Depression Lies... but where's the lie? An analysis of my depressive spirals.

CW: This is about depression, and specifically my depression. If you have responses about how to defeat these lies, I am willing to hear them. But understand: this is not a post I make lightly, and these are not lies that are easily defeated. That is the point of the post. If you want to engage with me on this directly, be prepared. If you, instead, want to engage with this by, in fact, doing the things I comment could actually defeat the lies below, without actually engaging with this? That'd probably be a much less stressful use of your time.  Here we go.

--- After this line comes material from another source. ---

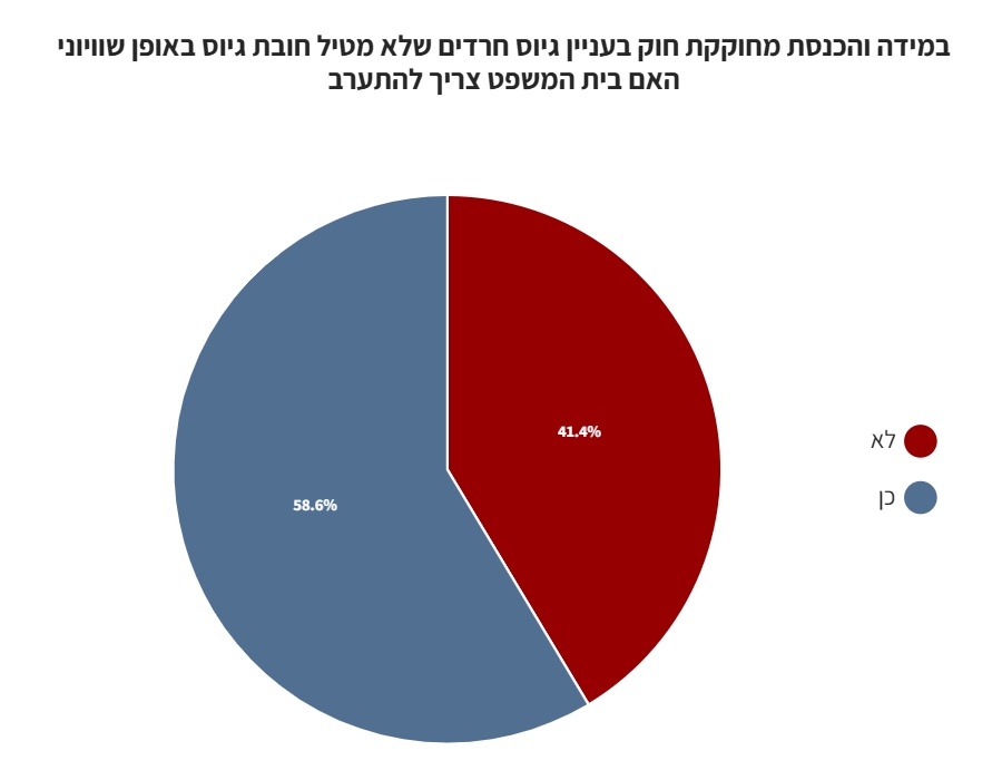 כ-58% מהנשאלים השיבו כי לדעתם על בג"ץ להתערב במקרה והכנסת תחוקק חוק שאינו מטיל חובת גיוס שוויוני.

So there's a truism in the mental health community, and it's not wrong: Depression Lies. It's supposed to get you to realize and understand that the negative things you are thinking are a function of the depression, and not innate, reasonable thoughts. The way you are supposed to combat this is by asking 'learner' questions, trying to attack depression's bad logic and lies.

A good example of this is the first step question: a behavioral therapist might ask someone who has an issue, 'If the issue was gone, what would your life be like?' For depression, people might say things like 'I'd get out of bed on time' or 'I'd take a shower' or 'I'd eat breakfast regularly' or 'I'd have friends'.

Then the therapist tells you, 'But you have friends.' And for a moment there's this disconnect, and then you are supposed to realize, 'I do have friends. There is hope. What you want is achievable.'

Self-hating is another good example. You might say 'I hate myself'. Why do you hate yourself? Is it because you forgot to brush your teeth? Nobody should hate themselves for not brushing their teeth. What you mean is 'I'm not happy I didn't brush my teeth today.' Then you can take steps to resolve the actual problem, and get rid of that negative self-destructive speech.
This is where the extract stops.